Task statement — Scan the entries below and extract each line with the word "curso" in it.

Input data —
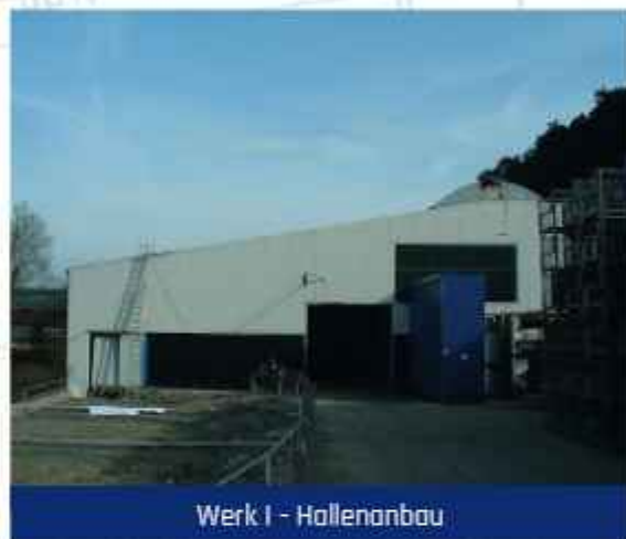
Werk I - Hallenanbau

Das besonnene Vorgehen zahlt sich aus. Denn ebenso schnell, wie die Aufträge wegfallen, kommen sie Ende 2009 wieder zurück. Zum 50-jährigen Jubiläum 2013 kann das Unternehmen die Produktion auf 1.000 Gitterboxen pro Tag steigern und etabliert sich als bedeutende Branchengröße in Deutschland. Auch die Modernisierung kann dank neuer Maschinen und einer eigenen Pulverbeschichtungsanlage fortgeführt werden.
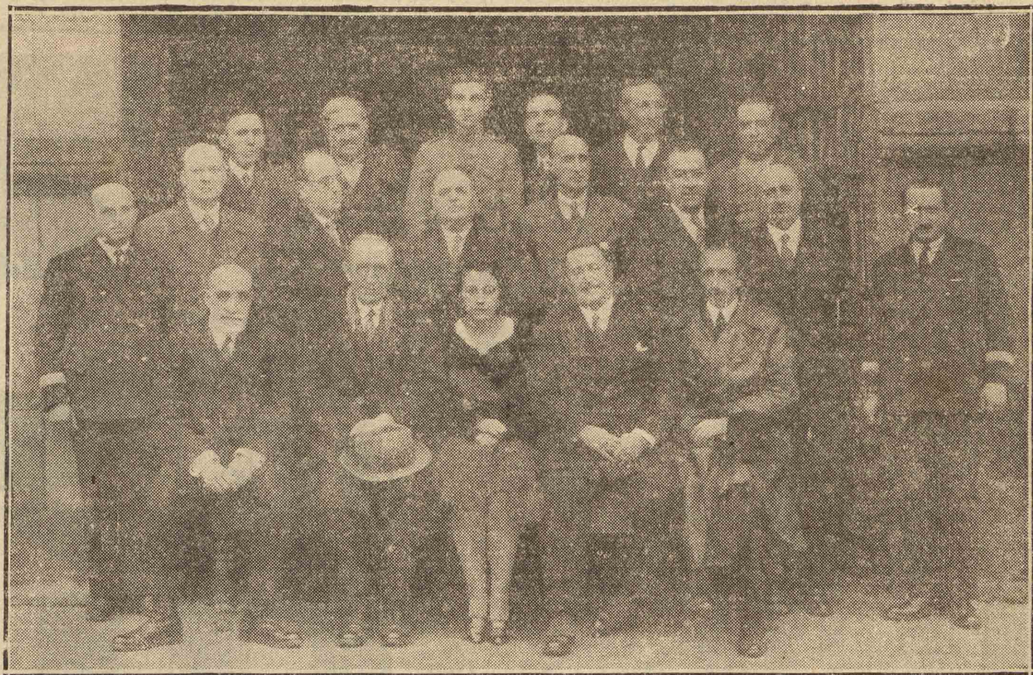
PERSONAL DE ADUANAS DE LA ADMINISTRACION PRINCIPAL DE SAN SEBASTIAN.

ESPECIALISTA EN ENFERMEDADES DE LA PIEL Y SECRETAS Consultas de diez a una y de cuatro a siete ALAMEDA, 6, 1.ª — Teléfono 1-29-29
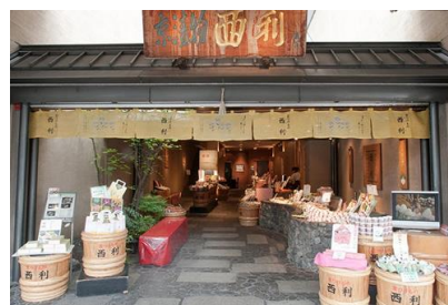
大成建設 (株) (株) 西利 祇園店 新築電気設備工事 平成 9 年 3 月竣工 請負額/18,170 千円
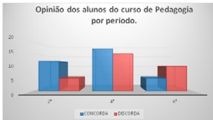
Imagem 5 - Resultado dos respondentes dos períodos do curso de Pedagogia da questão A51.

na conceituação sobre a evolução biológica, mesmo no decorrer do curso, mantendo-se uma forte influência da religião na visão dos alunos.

Output for this task —
Imagem 5 - Resultado dos respondentes dos períodos do curso de Pedagogia da questão A51.
na conceituação sobre a evolução biológica, mesmo no decorrer do curso, mantendo-se uma forte influência da religião na visão dos alunos.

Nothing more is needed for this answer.